■ Assigned task
Repeat the listing below exactly from the line with "Delta Airlines Centennial" through its last line. Skip every picture.

■ Data excerpt
○ ○ ○ ○ ○ ○ ○

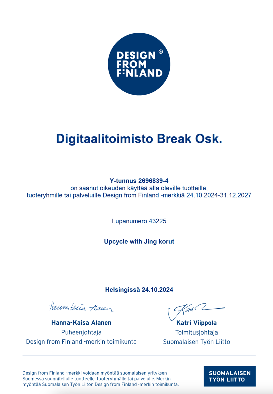 带着对可持续设计的高度认同和对产品设计创新的无限热爱,汪婧的Upcycle with Jing把废弃的塑料瓶打造成了每年芬兰总统府国宴上都会出现的时尚品牌,品牌已获得“Design from Finland”与“芬兰钥匙旗(Avainlippu)”两项权威认证,产品进入芬兰设计博物馆商店、MUJI 芬兰、Kämp Galleria,并成为Stockmann 百货网店的特别合作品牌。
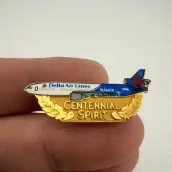 Delta Airlines Centennial Spirit pin commemorating the 1996 Olympic Games held in Atlanta. The pin features a full graphic of a Delta Airlines airplane and is a notable piece of aviation and Olympic memorabilia.
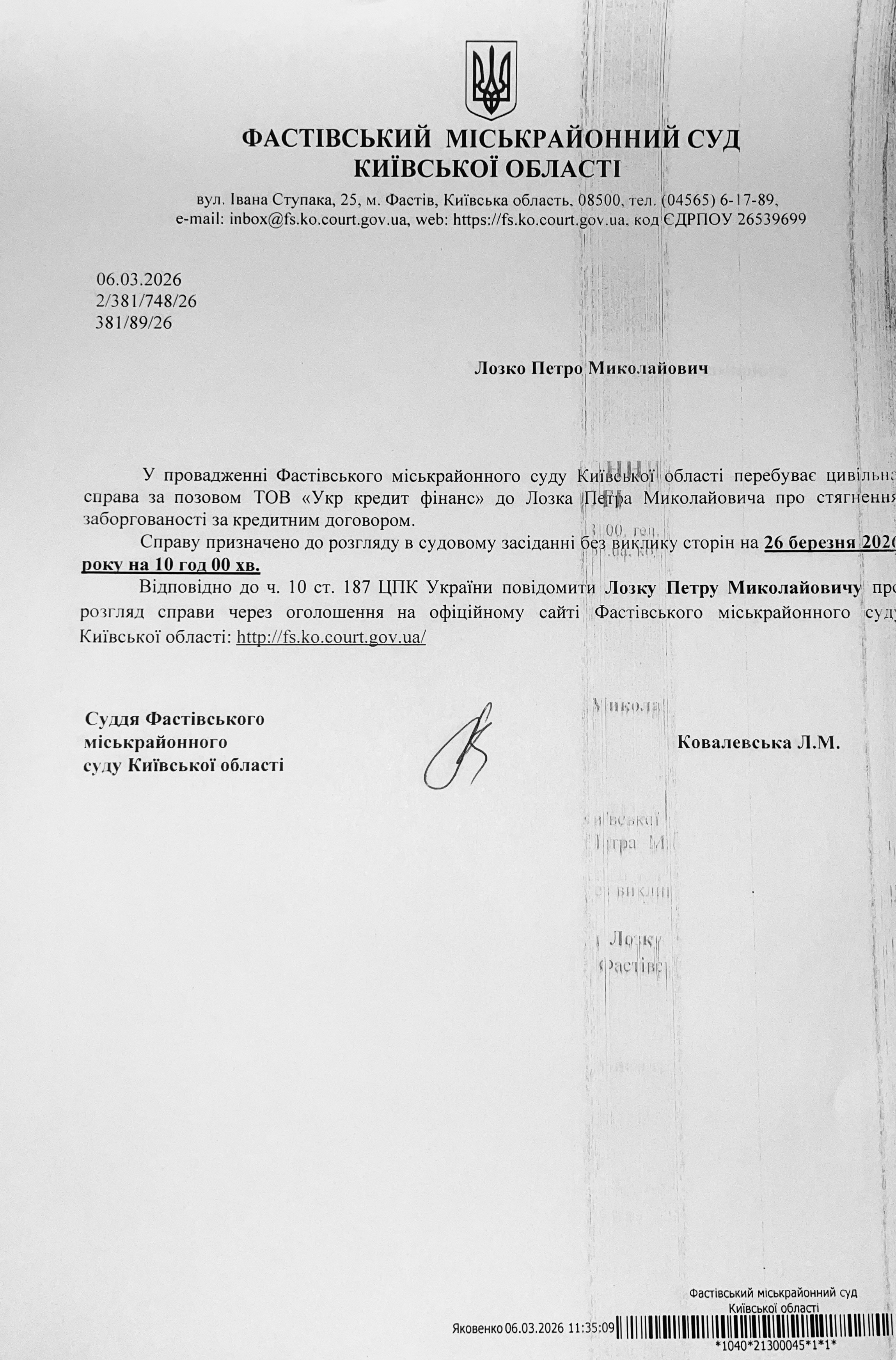 Фастівський міськрайонний суд Київської області викликає Лозка Петра Миколайовича
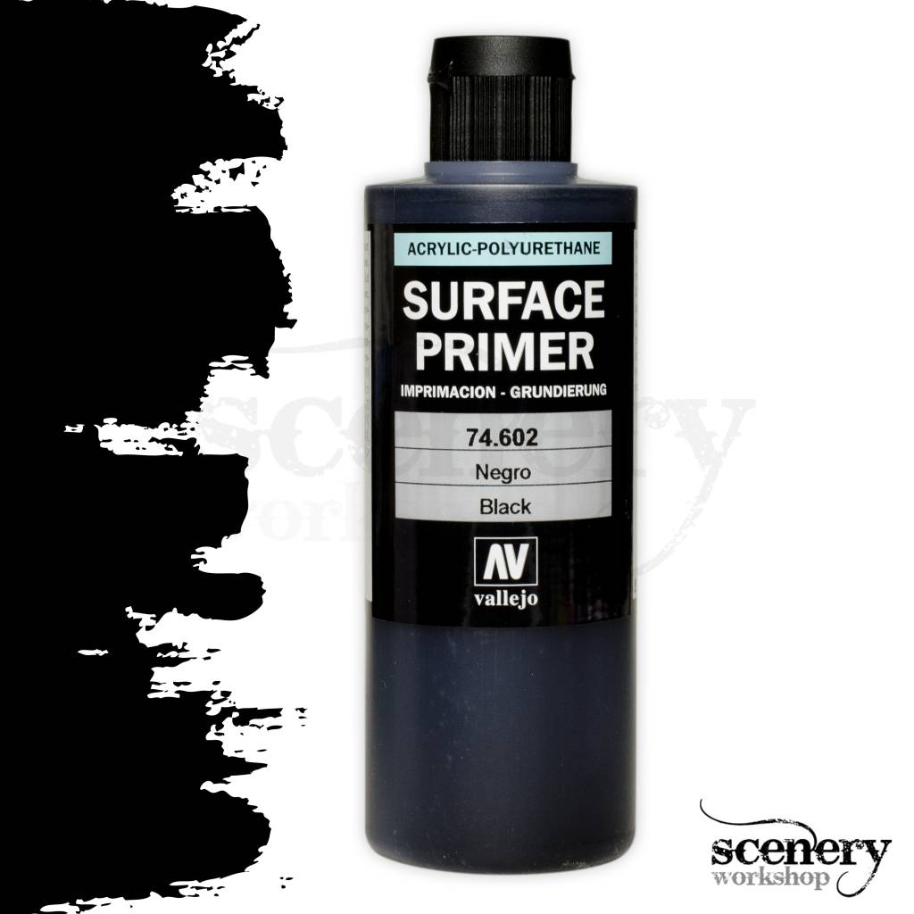 Vallejo Black Surface primer 200 ml. is een grote pot zwarte grondverf op polyurethaan waterbasis. Deze grondverf kan direct gebruikt worden of gemixed worden met bijvoorbeeld mediums of vernissen. De grondverf nivelleert zichzelf en droogt mat en hard op, waarbij het de details bewaard. Perfect voor plastic, resin en metalen en kan heel goed gebruikt worden in combinatie met Airbrush. Surface Primer kan eenvoudig gereinigd worden met water, of bij hardnekkig vuil adviseren we Airbrush Cleaner.

○ ○ ○ ○ ○ ○ ○

■ Written reply
 Delta Airlines Centennial Spirit pin commemorating the 1996 Olympic Games held in Atlanta. The pin features a full graphic of a Delta Airlines airplane and is a notable piece of aviation and Olympic memorabilia.
 Фастівський міськрайонний суд Київської області викликає Лозка Петра Миколайовича
 Vallejo Black Surface primer 200 ml. is een grote pot zwarte grondverf op polyurethaan waterbasis. Deze grondverf kan direct gebruikt worden of gemixed worden met bijvoorbeeld mediums of vernissen. De grondverf nivelleert zichzelf en droogt mat en hard op, waarbij het de details bewaard. Perfect voor plastic, resin en metalen en kan heel goed gebruikt worden in combinatie met Airbrush. Surface Primer kan eenvoudig gereinigd worden met water, of bij hardnekkig vuil adviseren we Airbrush Cleaner.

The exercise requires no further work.